Revenue dynamic deceleration does not look like a surprise to me as the pandemic has cooled down, and even Zoom made the company’s staff return to offices. As recent research suggests, remote workers are, on average, less productive, which means a lot of disappointment for investors who rely on the work-from-home trend to sustain continuous growth. During the current tight macro environment of mass layoffs, businesses are seeking more efficiency, and it is likely that a larger portion of employees will be required to return to offices. I think this factor will significantly weigh on the company’s growth prospects over multiple quarters unless new revenue streams are unlocked.
But building up new revenue streams is challenging and not an overnight task, especially considering the formidable competition from industry giants like Cisco (CSCO), Microsoft (MSFT), Salesforce (CRM), and many others. These companies have much more resources and have more comprehensive offerings for businesses, which makes them a more attractive “one-stop shop” for enterprise office tools. This adds substantial risks to Zoom’s market position.
Last but not least, Zoom’s history as a public company is relatively short. The company went public in 2019, and there is a relatively short earnings history, especially under normal market conditions without extraordinary tailwinds like the pandemic. Historical financial data is important for investors since it gauges the stability and growth potential of the company. The absence of a more extended track record introduces a very high level of uncertainty regarding the sustainability of the company’s success.
Valuation
Despite a massive year-to-date rally in the technology sector (XLK), ZM’s price declined by 7%. The stock also substantially underperforms the broader U.S. market. At the same time, current valuation ratios are mostly substantially higher than the sector median. On the other hand, current multiples are 80-90% lower than the last five year’s averages across the board.
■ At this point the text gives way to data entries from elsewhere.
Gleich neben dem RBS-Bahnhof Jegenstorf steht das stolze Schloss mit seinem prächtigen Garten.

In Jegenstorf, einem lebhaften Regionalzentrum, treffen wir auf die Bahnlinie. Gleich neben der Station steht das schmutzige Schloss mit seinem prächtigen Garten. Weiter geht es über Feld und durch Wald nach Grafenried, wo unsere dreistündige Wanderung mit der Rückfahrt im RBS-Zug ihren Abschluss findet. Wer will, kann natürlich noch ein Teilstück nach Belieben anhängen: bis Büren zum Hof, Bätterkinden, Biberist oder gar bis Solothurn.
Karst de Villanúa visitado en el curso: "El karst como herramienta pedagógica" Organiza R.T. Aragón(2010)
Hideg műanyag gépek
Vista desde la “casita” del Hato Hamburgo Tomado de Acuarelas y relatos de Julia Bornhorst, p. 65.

Let me now simulate the discounted cash flow [DCF] model to better understand the valuation of ZM. I use revenue consensus estimates, which forecast a fairly conservative 8% CAGR for the next decade. The current environment of high interest rates does not favor growth stocks, so I use a 12% WACC for discounting. I incorporate a 3.9% TTM FCF ex-SBC margin for my base year and expect a 150 basis points yearly expansion.
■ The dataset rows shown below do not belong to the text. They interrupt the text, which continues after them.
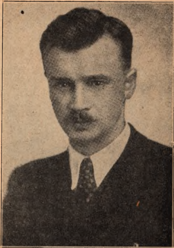
Д-р Олег Кандиба - Ольжич, член Проводу Українських Націоналістів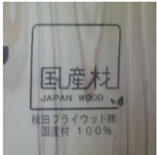
秋田プライウッド(株)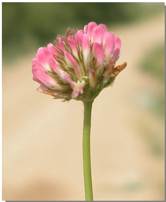
T. fragiferum . Detalle de la inflorescencia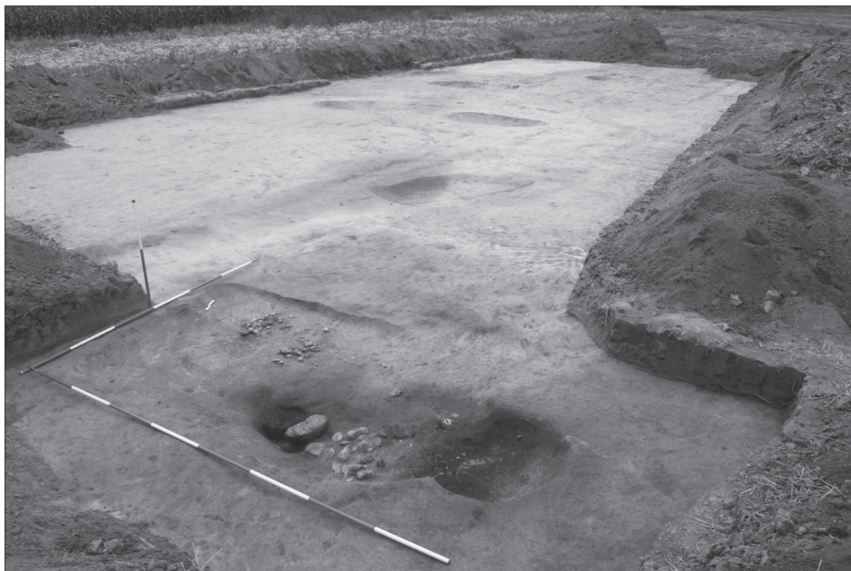
Sl. 2. Objekt SJ 096/097 i pogled na istraženi dio sonde S-6

Fig. 2 Structure SU 096/097 and view of the excavated part of trial trench S-6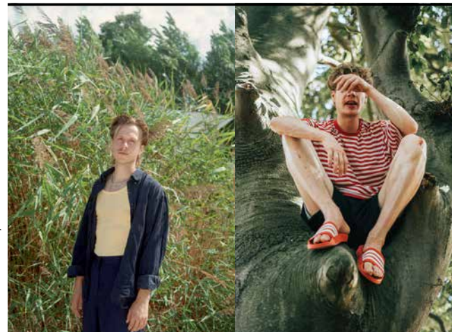
© Darwin Cabrera / Ruben Boidin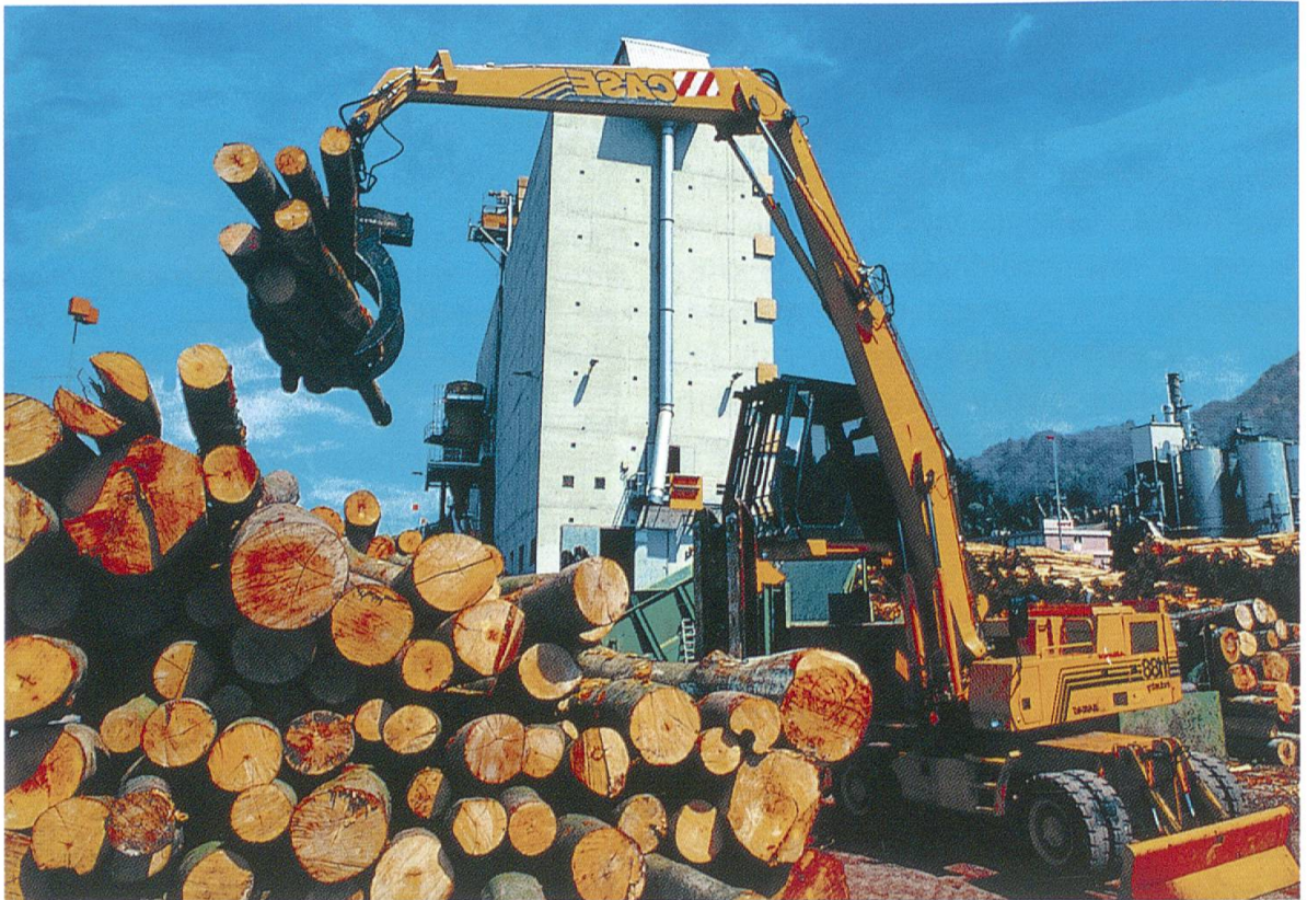
Holznutzung bei Kronospan.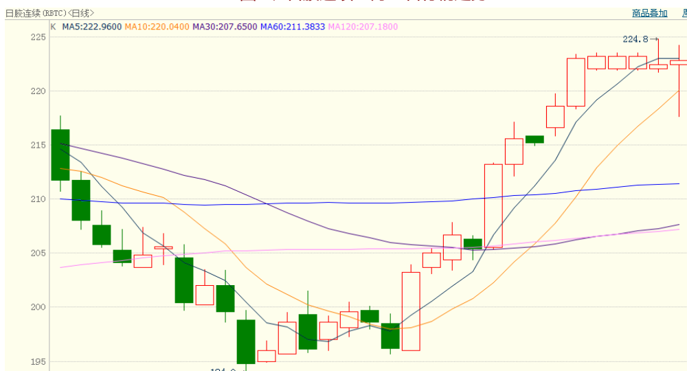
图 2、日胶连续 5 月 8 日行情走势

According to my DCF simulation, the business’s fair value is $22.3 billion. This is 20% higher than the current market cap, meaning there is an attractive upside potential for ZM. My fair price estimation for the stock is $75.
Risks to my cautious thesis
Investors’ sentiment plays a significant role in the short term, and currently, the stock market is cautious given the Fed’s hawkish stance. This factor mainly weighs on the valuations of growth stocks, and any signs of the Fed’s rhetoric softening might be a strong catalyst for growth stocks. In that case, ZM might also rally notably over the short term.
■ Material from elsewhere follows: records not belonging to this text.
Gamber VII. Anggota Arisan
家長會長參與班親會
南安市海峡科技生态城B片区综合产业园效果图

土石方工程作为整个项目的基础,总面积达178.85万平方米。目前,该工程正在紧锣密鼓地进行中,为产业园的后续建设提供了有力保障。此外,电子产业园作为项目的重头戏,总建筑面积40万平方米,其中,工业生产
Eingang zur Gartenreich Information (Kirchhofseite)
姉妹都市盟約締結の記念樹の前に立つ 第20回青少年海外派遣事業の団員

The company’s valuation is attractive despite facing multiple near-term and secular headwinds. That said, the company might be acquired by a prominent, reputable investor, which will also boost the stock price. While I consider the probability of this event to be low, the impact on the stock price might be massive.
Bottom line
To conclude, Zoom is a “Hold”. While the valuation looks attractive and the balance sheet is a fortress, I believe that in the foreseeable future, headwinds will weigh on the company’s financial performance. The ongoing trend of returning employees to offices, together with massive competition with IT giants, makes me cautious about the company’s growth prospects.